What the task requires – Leave the pictures out and return every line below exactly.

Raw data –
****************

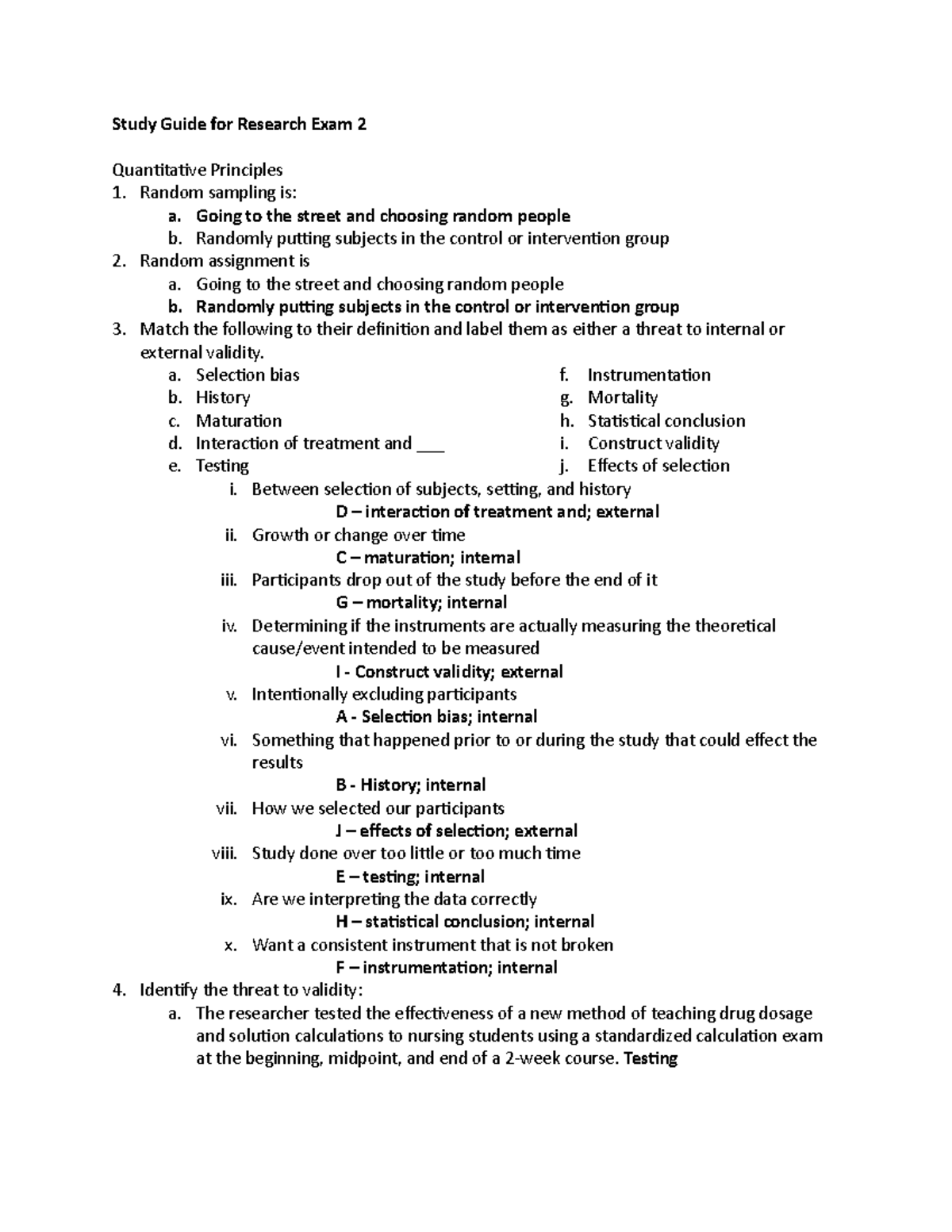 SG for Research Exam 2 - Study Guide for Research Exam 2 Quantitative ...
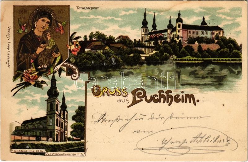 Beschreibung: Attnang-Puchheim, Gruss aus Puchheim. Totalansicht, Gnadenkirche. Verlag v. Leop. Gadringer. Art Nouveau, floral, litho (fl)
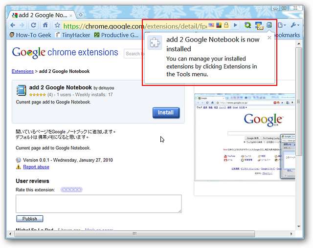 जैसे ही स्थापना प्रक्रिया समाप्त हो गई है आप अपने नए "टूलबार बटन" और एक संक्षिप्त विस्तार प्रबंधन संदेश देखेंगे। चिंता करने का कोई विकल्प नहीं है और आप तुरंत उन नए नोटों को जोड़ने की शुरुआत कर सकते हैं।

****************

Written answer –
 SG for Research Exam 2 - Study Guide for Research Exam 2 Quantitative ...
 Beschreibung: Attnang-Puchheim, Gruss aus Puchheim. Totalansicht, Gnadenkirche. Verlag v. Leop. Gadringer. Art Nouveau, floral, litho (fl)
 जैसे ही स्थापना प्रक्रिया समाप्त हो गई है आप अपने नए "टूलबार बटन" और एक संक्षिप्त विस्तार प्रबंधन संदेश देखेंगे। चिंता करने का कोई विकल्प नहीं है और आप तुरंत उन नए नोटों को जोड़ने की शुरुआत कर सकते हैं।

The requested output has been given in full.